Recursive Backtracking

1 - Recursive Backtracking

You should be familiar with some of the uses of recursion at this point. We typically use recursion to split a problem into one or a small number of simple, repeatable steps. One popular way to implement a recursive search is to search one step at a time until you hit a dead end (or impossible situation) or find a solution. If you’ve successfully found a solution, you’re done. If your recursive call returns unsuccessful, remove that value from the list of potential solutions and continue to search until you’ve exhausted all possibilities.

Recursive backtracking is a ordered for searching a solution space. Worst case time complexity wise it’s often on par with a brute-force search - but in reality it’s much faster. This is because in backtracking when we reach an arrangement where no possible solutions could exist with the current selection (a dead end) we forget about testing further options down this path and backtrack - undo the last setting and try something else.

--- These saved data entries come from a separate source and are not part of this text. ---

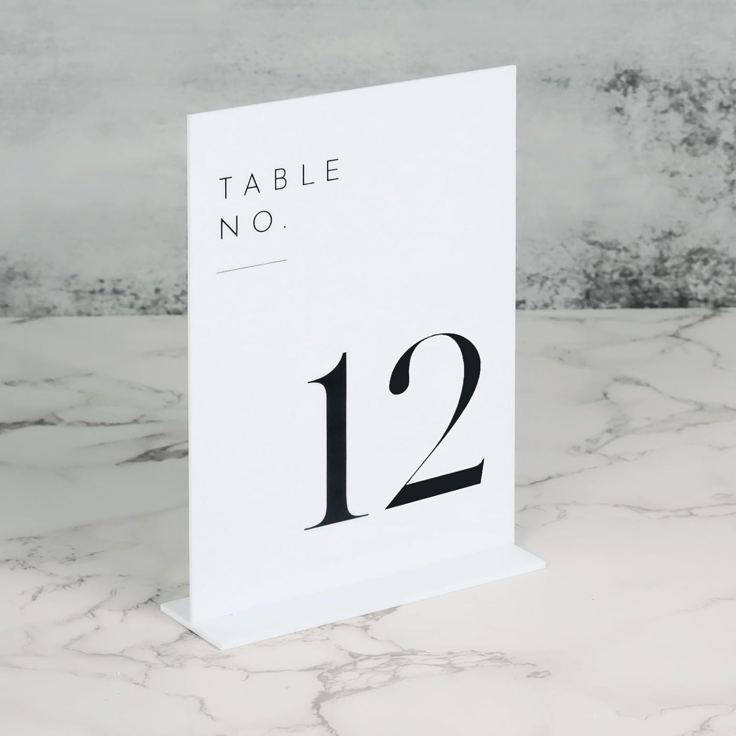 - PREMIUM QUALITY: These white acrylic table numbers with holders are made from high quality white acrylic panels and then printed with white letters in a simple arch design that won't go out of style and will last a long time.
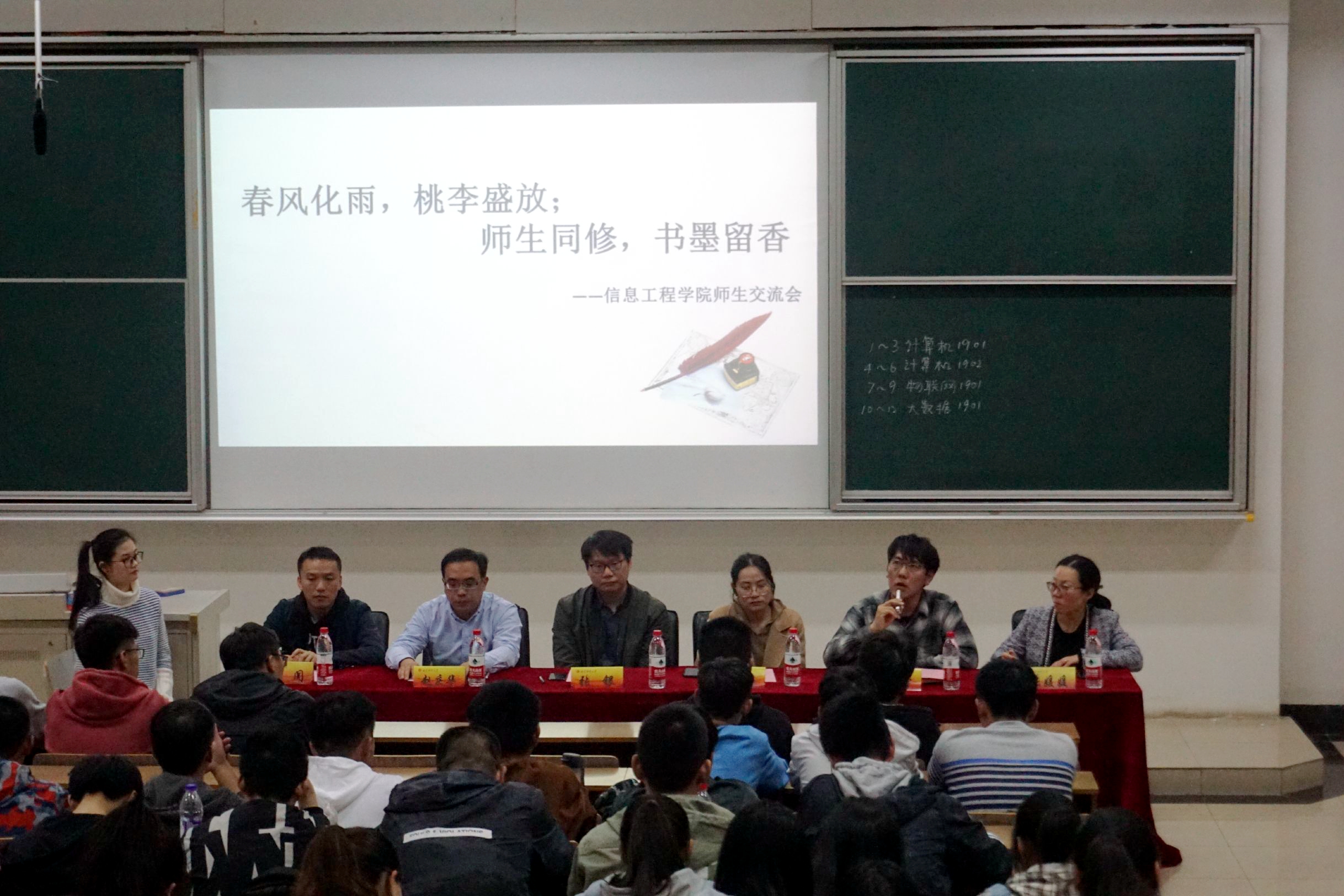 11月11日晚,信息工程学院在我校仙林校区博观楼JB302开展了“春风化雨,桃李盛放;师生同修,书墨留香”师生交流会。信息工程学院学工系统老师以及2019级新生班主任参加活动,与2019级新生们现场交流。
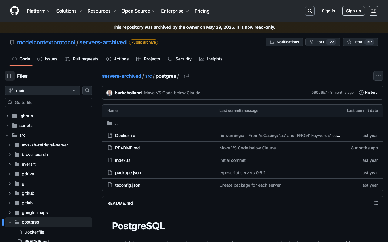 Extend Claude with modelcontextprotocol server postgres capabilitiesIntegrate external data into AI conversationsAutomate workflows combining Claude with specialized servicesBuild custom AI-powered development tools
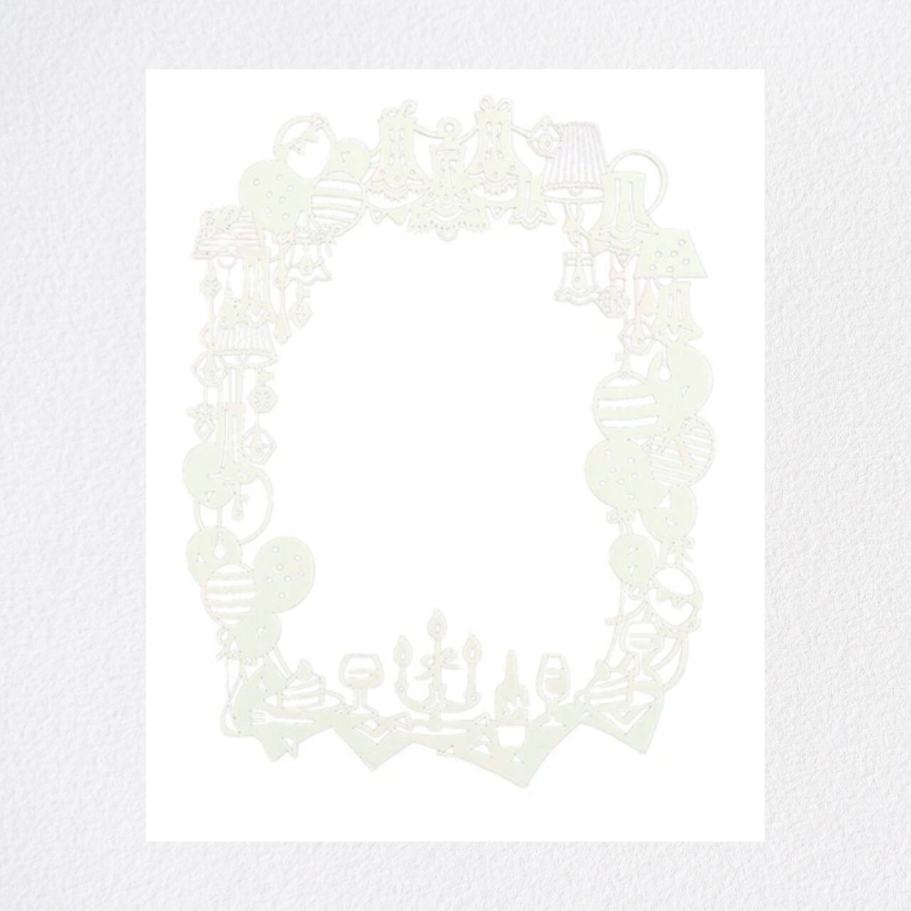 切り絵風のフォトフレームです。ハガキサイズを飾るのにちょうどいいサイズ。軽量なので細いピンひとつで簡単に取り付け可能。お子様の写真を飾るフォトフレームの代わりとして、またはドライフラワーと組み合わせて飾るほか、テグスなどの紐を付ければリースオーナメントとしてもお楽しみいただけます。

Recursive Backtracing solutions often look like this:

  1. solve() function : performs whatever necessary setup and calls the helper
  2. recursive_helper() function : iterates over posibilities in some sub domain.
    • In N-Queens, this domain is a row. After checking if an option is_valid(), recursive_helper() calls itself on the next row after to test each option. It returns true if it has reached the end OR if its child call returns true. It returns false otherwise to tell the caller it has reached a dead end. If a child call returns false, undo whatever option was tested.
  3. is_valid() function : Tells you whether or not an option is viable for a specific arrangement.

1.1 - Example: N-Queens

Here’s a quick review of the N Queens problem if you are unfamiliar with it:

Let’s take a look at an example. Consider a 4x4 chessboard for simplicity.

Notice that in the second step, after we see that the second queen cannot be placed at grid (0,1), we need to undo the placement (clear it to 0) before we move on to try the next position. If we do not undo the move, then all subsequent placements on this row will always fail because we will always see a queen at (0,1).

1 0 0 0
0 0 0 0
0 0 0 0
0 0 0 0 PASS

1 0 0 0
1 0 0 0
0 0 0 0
0 0 0 0 FAIL

1 0 0 0
0 1 0 0
0 0 0 0
0 0 0 0 FAIL

1 0 0 0
0 0 1 0
0 0 0 0
0 0 0 0 PASS

1 0 0 0
0 0 1 0
1 0 0 0
0 0 0 0 FAIL

1 0 0 0
0 0 1 0
0 1 0 0
0 0 0 0 FAIL

1 0 0 0
0 0 1 0
0 0 1 0
0 0 0 0 FAIL

1 0 0 0
0 0 1 0
0 0 0 1
0 0 0 0 FAIL (entire row fails)

1 0 0 0
0 0 0 1
0 0 0 0
0 0 0 0 PASS

etc.

The first correct solution we will hit is 1, 3, 0, 2.

2 - Sudoku

Sudoku is a popular puzzle game involving a 9x9 grid and the numbers 1-9. The goal of the game is to fill board such that each row, column, and 3x3 box have the numbers 1-9 with no repeats. We will be programming a sudoku solver for lab.

Sudoku boards always start with some numbers in place, but mostly 0’s which represent squares we need to solve for.

In sudoku.cpp, you will find some functions to get you started. Your task is to implement solveHelper() called by solve(). You may change the parameters as you like. We suggest taking in the row and column of the grid space you’re trying to solve.

The basic strategy is as follows:

Start in the top left corner (0, 0) and work your way down to the bottom right corner (8, 8). At each point, check if the block needs to be solved. If the block’s value is 0, then it needs to be solved. After you have found a valid number to put in the block, try solving the next one in sequence. Continue until you have solved the puzzle or cannot find a number that will fit in the block.

In this problem, the sub-domain that each solveHelper() iterates over is a individual cell. The options are int’s 1-9, inclusive.

Compile with make, run with ./sudoku. The first two puzzles should yield a valid configuration, and the last one SHOULD fail!